In addition to the business agenda, the Board heard from Karen Allen, Executive Director of the Susquehanna County Housing/Redevelopment Authority. The Housing Authority is planning to build a $3 million, 3-storey, 24-unit addition to the Emerson Apartments in Hallstead Borough to make more space available for low-income senior citizens. Ms. Allen said that the waiting list for the Emerson complex generally has as many as 60 names on it.
The Housing Authority is asking the Blue Ridge district to provide a "tax abatement" for the project for a period of ten years. Ms. Allen said the Emerson addition will be built by a partnership between the Authority and a bank. Since such an arrangement is not considered not-for-profit, the taxes on the new building would be in the neighborhood of $20,000 per year. Under the requested tax abatement schedule, the Authority's tax obligation for the new structure would rise by $2,000 per year over the ten-year period.
Ms. Allen said that, aside from relieving the initial financial burden on the Authority, if the district Board could approve the tax abatement before a December cut-off, the Authority's application for support from the Pennsylvania Housing Finance Agency (PHFA) would get a boost. If approval from PHFA comes through in May, 2008 as expected, construction could get under way as soon as next summer.

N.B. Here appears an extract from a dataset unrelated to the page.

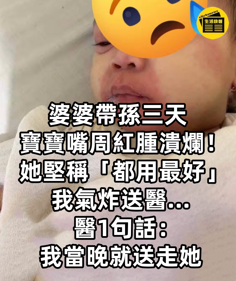 婆婆帶孫三天,寶寶嘴周紅腫潰爛!她堅稱「都用最好」,我氣炸送醫…醫1句話:我當晚就送走她

The Housing Authority currently pays $6,471 annually to the county "in lieu of taxes" for the existing 40-unit Emerson building, of which 65% goes to the Blue Ridge School District. Since that operation continues in its non-profit status and will be financially separate from the new project, that payment will not be affected. As Board member Lon Fisher noted, the new building will be on "empty land" that is not now taxed.
Ms. Allen pointed out the additional revenue that the District can expect, and, since the housing will be for seniors only, there will be no additional children added to the district's enrollment.
Board President Allen promised to have the proposal on the agenda for the Board's next business meeting, on November 12.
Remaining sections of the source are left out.